**WHAT IS BEING ASKED**
Reproduce the records below in full and exactly, without their images.

Source data:
::::::

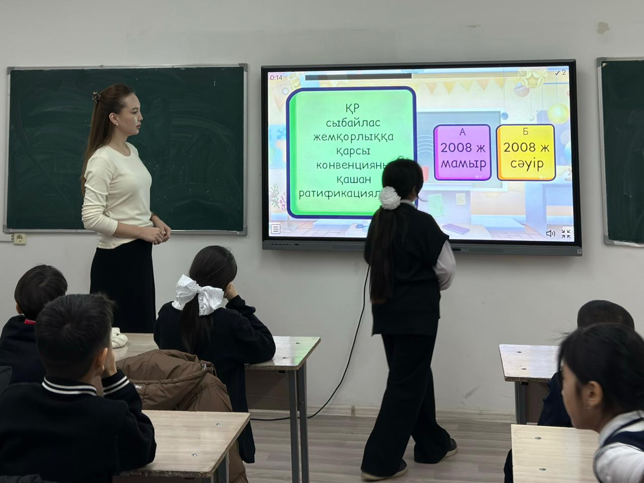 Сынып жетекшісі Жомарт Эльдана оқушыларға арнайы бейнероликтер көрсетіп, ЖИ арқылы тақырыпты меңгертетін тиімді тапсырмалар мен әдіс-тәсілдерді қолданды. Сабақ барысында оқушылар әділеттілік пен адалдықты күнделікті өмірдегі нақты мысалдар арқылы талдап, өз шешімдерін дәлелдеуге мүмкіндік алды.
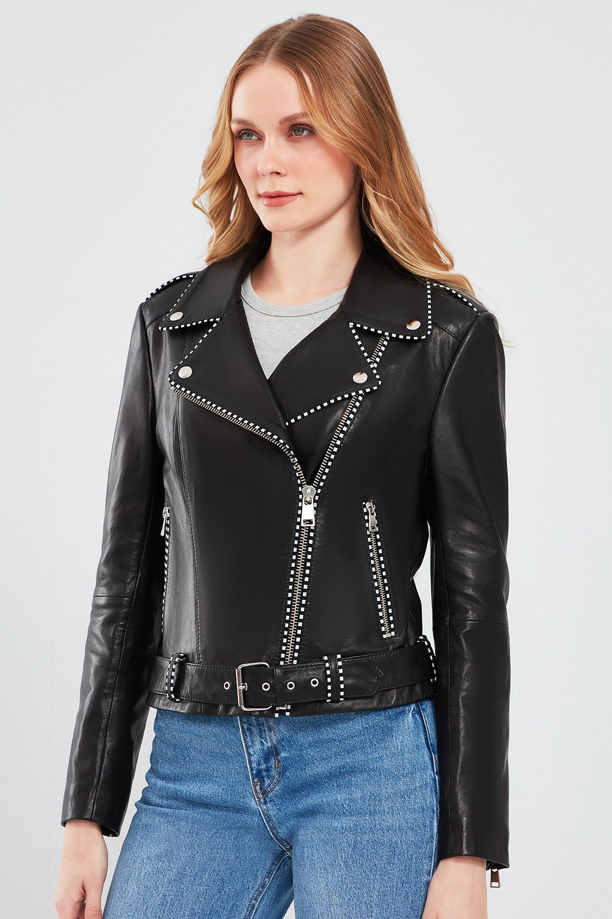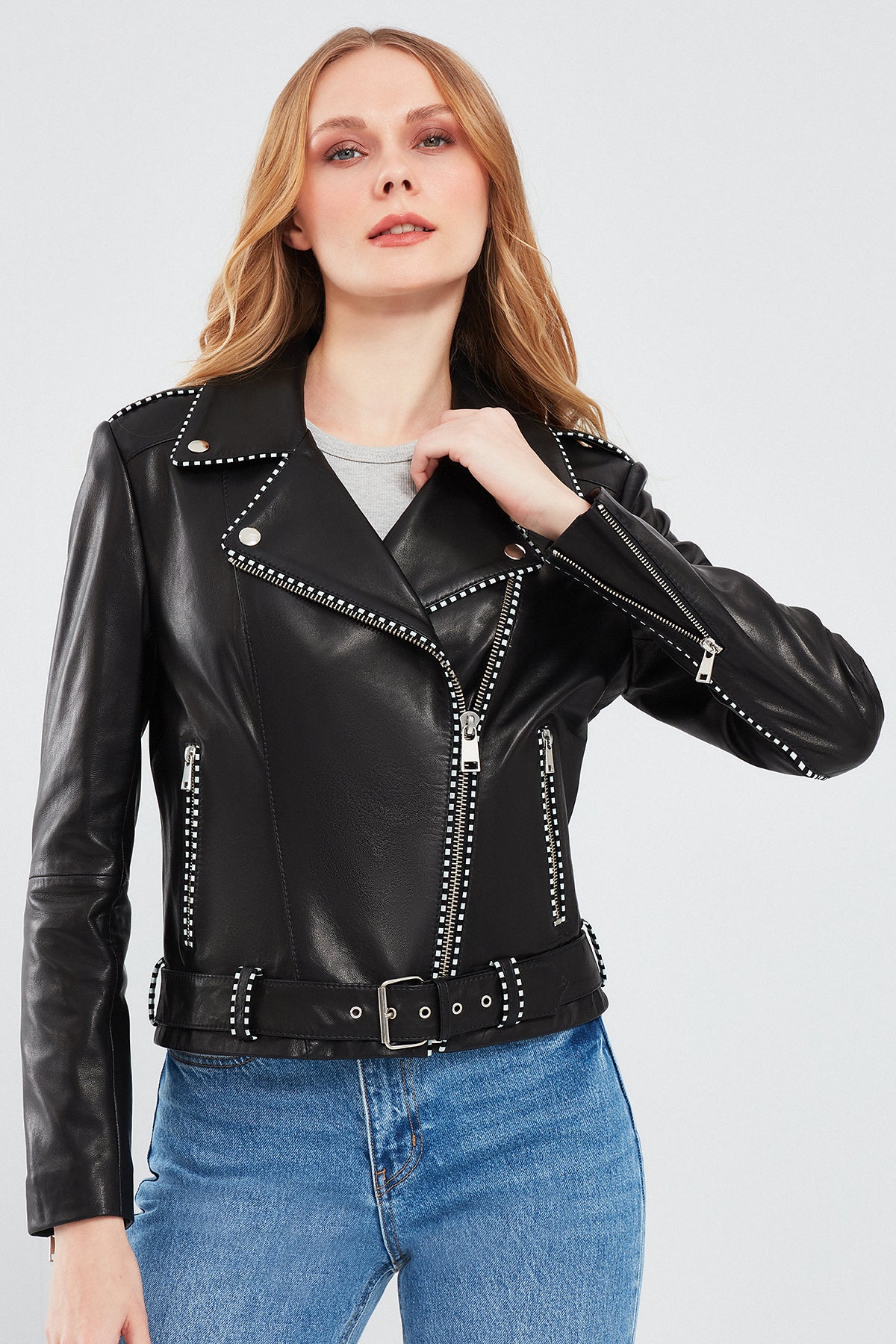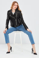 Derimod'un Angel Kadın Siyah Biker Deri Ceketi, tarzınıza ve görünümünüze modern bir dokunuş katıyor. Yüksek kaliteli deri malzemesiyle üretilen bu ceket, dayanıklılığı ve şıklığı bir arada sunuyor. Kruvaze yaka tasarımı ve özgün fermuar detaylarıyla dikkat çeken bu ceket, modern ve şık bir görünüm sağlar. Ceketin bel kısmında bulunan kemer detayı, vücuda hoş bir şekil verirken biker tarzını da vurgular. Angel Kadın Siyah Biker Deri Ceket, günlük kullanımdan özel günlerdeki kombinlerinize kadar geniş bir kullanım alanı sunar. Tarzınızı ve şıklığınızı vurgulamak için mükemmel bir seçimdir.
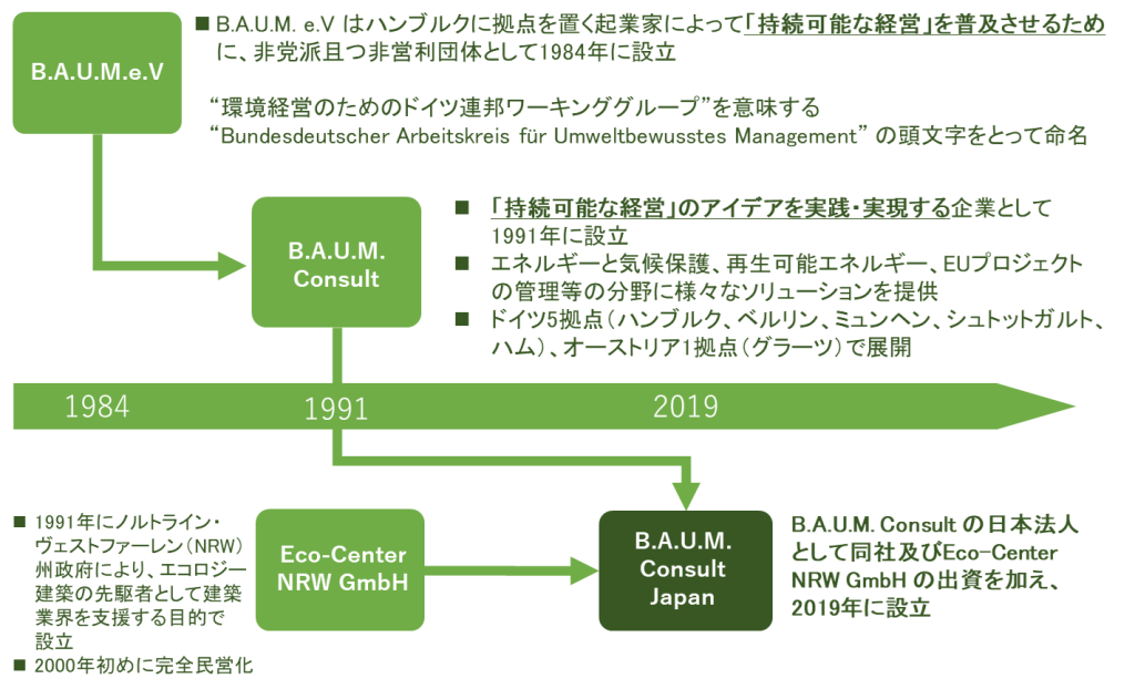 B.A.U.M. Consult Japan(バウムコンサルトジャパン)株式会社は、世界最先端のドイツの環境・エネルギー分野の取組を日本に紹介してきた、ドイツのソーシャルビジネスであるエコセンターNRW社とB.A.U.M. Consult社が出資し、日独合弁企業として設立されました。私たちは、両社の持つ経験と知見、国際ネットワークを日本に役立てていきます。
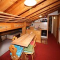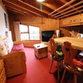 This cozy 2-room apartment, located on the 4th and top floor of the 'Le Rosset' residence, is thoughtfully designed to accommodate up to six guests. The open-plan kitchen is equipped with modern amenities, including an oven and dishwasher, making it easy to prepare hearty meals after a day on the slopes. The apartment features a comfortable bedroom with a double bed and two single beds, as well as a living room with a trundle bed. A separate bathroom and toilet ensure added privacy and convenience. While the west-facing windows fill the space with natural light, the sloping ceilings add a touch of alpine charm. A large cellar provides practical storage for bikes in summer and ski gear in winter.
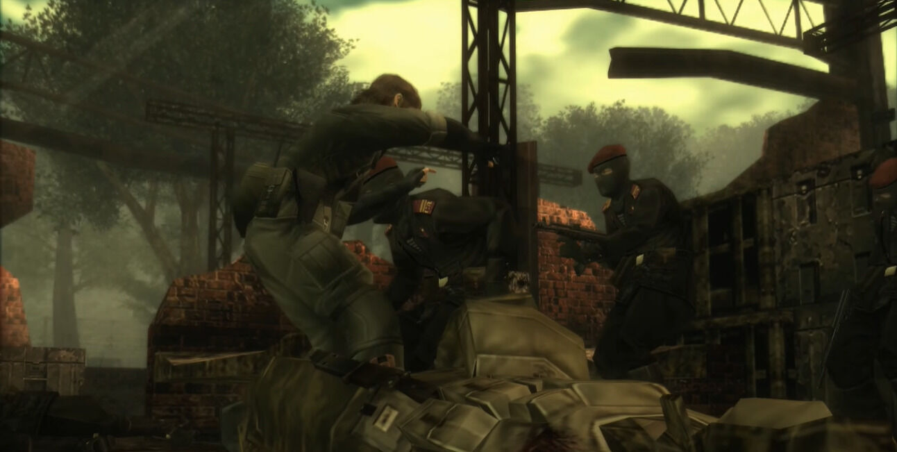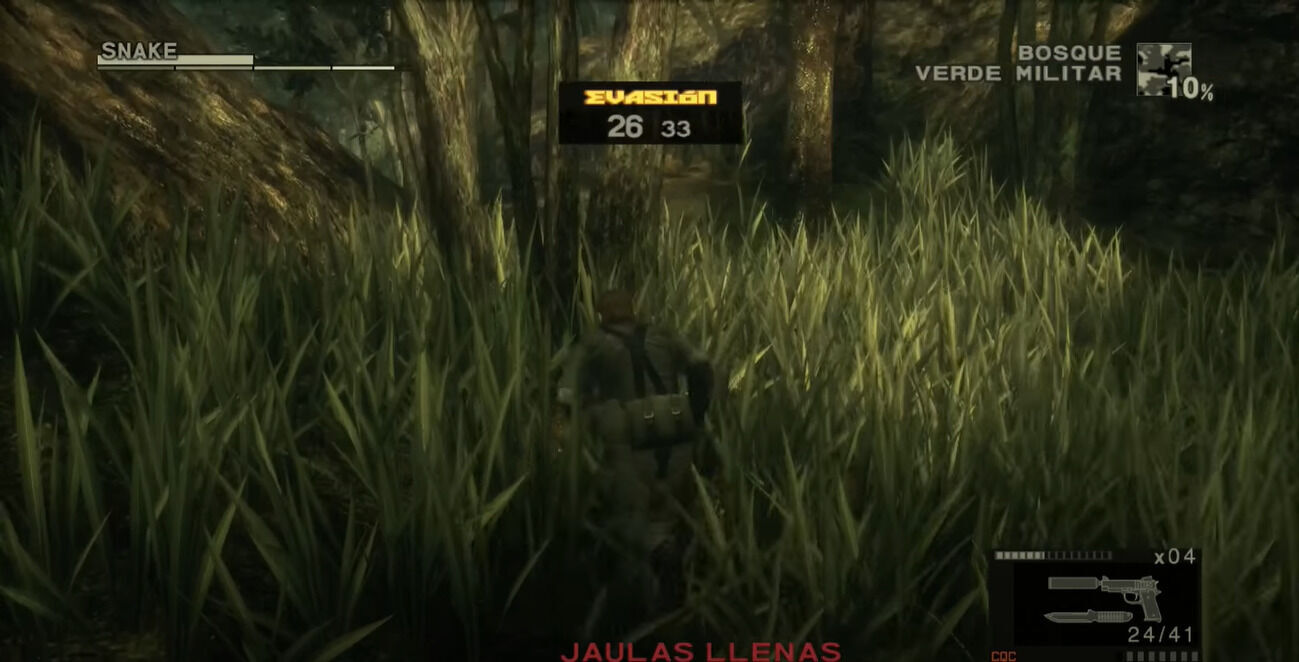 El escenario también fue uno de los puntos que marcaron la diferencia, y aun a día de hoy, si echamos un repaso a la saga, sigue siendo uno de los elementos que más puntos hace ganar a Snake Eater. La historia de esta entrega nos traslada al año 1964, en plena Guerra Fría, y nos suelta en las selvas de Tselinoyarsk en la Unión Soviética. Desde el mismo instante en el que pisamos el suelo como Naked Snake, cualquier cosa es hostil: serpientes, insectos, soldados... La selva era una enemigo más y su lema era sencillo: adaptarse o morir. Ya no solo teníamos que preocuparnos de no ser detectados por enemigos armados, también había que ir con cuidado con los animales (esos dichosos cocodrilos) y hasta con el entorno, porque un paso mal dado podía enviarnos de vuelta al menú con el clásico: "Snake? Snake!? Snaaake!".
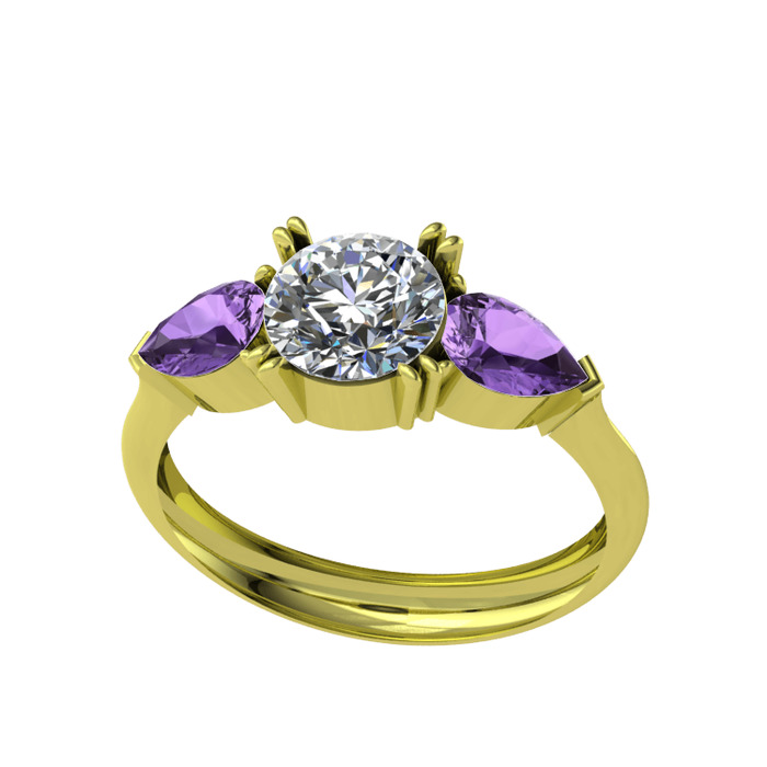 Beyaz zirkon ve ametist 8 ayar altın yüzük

::::::

**SOLUTION FOR THIS TASK**
 Сынып жетекшісі Жомарт Эльдана оқушыларға арнайы бейнероликтер көрсетіп, ЖИ арқылы тақырыпты меңгертетін тиімді тапсырмалар мен әдіс-тәсілдерді қолданды. Сабақ барысында оқушылар әділеттілік пен адалдықты күнделікті өмірдегі нақты мысалдар арқылы талдап, өз шешімдерін дәлелдеуге мүмкіндік алды.
 Derimod'un Angel Kadın Siyah Biker Deri Ceketi, tarzınıza ve görünümünüze modern bir dokunuş katıyor. Yüksek kaliteli deri malzemesiyle üretilen bu ceket, dayanıklılığı ve şıklığı bir arada sunuyor. Kruvaze yaka tasarımı ve özgün fermuar detaylarıyla dikkat çeken bu ceket, modern ve şık bir görünüm sağlar. Ceketin bel kısmında bulunan kemer detayı, vücuda hoş bir şekil verirken biker tarzını da vurgular. Angel Kadın Siyah Biker Deri Ceket, günlük kullanımdan özel günlerdeki kombinlerinize kadar geniş bir kullanım alanı sunar. Tarzınızı ve şıklığınızı vurgulamak için mükemmel bir seçimdir.
 B.A.U.M. Consult Japan(バウムコンサルトジャパン)株式会社は、世界最先端のドイツの環境・エネルギー分野の取組を日本に紹介してきた、ドイツのソーシャルビジネスであるエコセンターNRW社とB.A.U.M. Consult社が出資し、日独合弁企業として設立されました。私たちは、両社の持つ経験と知見、国際ネットワークを日本に役立てていきます。
 This cozy 2-room apartment, located on the 4th and top floor of the 'Le Rosset' residence, is thoughtfully designed to accommodate up to six guests. The open-plan kitchen is equipped with modern amenities, including an oven and dishwasher, making it easy to prepare hearty meals after a day on the slopes. The apartment features a comfortable bedroom with a double bed and two single beds, as well as a living room with a trundle bed. A separate bathroom and toilet ensure added privacy and convenience. While the west-facing windows fill the space with natural light, the sloping ceilings add a touch of alpine charm. A large cellar provides practical storage for bikes in summer and ski gear in winter.
 El escenario también fue uno de los puntos que marcaron la diferencia, y aun a día de hoy, si echamos un repaso a la saga, sigue siendo uno de los elementos que más puntos hace ganar a Snake Eater. La historia de esta entrega nos traslada al año 1964, en plena Guerra Fría, y nos suelta en las selvas de Tselinoyarsk en la Unión Soviética. Desde el mismo instante en el que pisamos el suelo como Naked Snake, cualquier cosa es hostil: serpientes, insectos, soldados... La selva era una enemigo más y su lema era sencillo: adaptarse o morir. Ya no solo teníamos que preocuparnos de no ser detectados por enemigos armados, también había que ir con cuidado con los animales (esos dichosos cocodrilos) y hasta con el entorno, porque un paso mal dado podía enviarnos de vuelta al menú con el clásico: "Snake? Snake!? Snaaake!".
 Beyaz zirkon ve ametist 8 ayar altın yüzük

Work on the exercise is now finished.